*YOUR GOAL:*
Nothing below is to be printed except the lines between the line holding "Germany currently has" and the line holding "공간정보의 연결과 융합, 스마트한", inclusive, each exactly as it appears.

[MATERIAL SUPPLIED Boundary: Start]

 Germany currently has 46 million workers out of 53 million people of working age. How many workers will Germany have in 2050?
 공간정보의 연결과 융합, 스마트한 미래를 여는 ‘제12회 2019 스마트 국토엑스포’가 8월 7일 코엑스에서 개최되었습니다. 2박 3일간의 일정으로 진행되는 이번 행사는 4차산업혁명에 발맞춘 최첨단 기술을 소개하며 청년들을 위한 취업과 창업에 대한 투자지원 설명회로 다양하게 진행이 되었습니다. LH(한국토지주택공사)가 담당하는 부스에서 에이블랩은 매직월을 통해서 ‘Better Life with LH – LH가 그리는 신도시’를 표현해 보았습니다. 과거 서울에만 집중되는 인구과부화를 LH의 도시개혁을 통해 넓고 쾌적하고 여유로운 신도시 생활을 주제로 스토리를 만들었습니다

[MATERIAL SUPPLIED Boundary: End]
[MATERIAL SUPPLIED Boundary: Start]

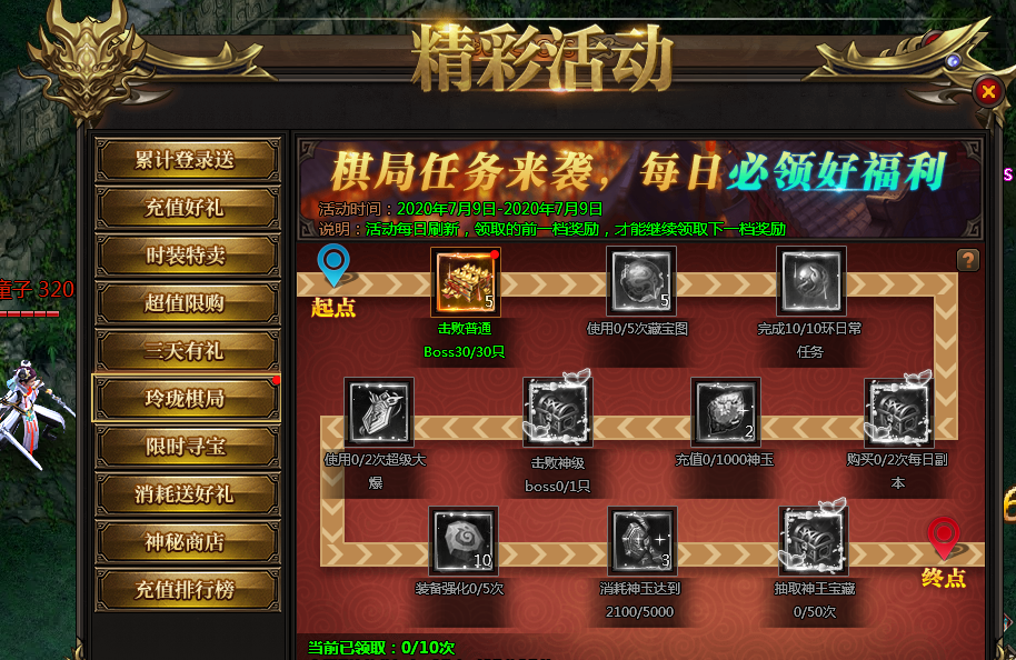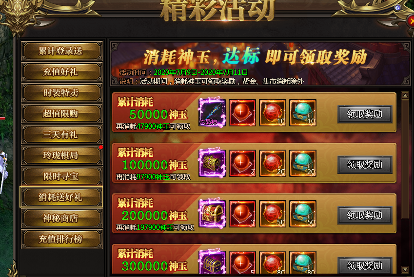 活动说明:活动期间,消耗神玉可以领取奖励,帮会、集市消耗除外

[MATERIAL SUPPLIED Boundary: End]
[MATERIAL SUPPLIED Boundary: Start]

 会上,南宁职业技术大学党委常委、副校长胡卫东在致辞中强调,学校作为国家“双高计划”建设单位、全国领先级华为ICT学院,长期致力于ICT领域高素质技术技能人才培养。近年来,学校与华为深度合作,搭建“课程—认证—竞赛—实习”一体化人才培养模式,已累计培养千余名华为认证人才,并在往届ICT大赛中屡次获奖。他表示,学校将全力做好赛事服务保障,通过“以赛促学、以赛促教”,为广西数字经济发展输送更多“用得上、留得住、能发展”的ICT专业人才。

[MATERIAL SUPPLIED Boundary: End]

*OUTPUT:*
 Germany currently has 46 million workers out of 53 million people of working age. How many workers will Germany have in 2050?
 공간정보의 연결과 융합, 스마트한 미래를 여는 ‘제12회 2019 스마트 국토엑스포’가 8월 7일 코엑스에서 개최되었습니다. 2박 3일간의 일정으로 진행되는 이번 행사는 4차산업혁명에 발맞춘 최첨단 기술을 소개하며 청년들을 위한 취업과 창업에 대한 투자지원 설명회로 다양하게 진행이 되었습니다. LH(한국토지주택공사)가 담당하는 부스에서 에이블랩은 매직월을 통해서 ‘Better Life with LH – LH가 그리는 신도시’를 표현해 보았습니다. 과거 서울에만 집중되는 인구과부화를 LH의 도시개혁을 통해 넓고 쾌적하고 여유로운 신도시 생활을 주제로 스토리를 만들었습니다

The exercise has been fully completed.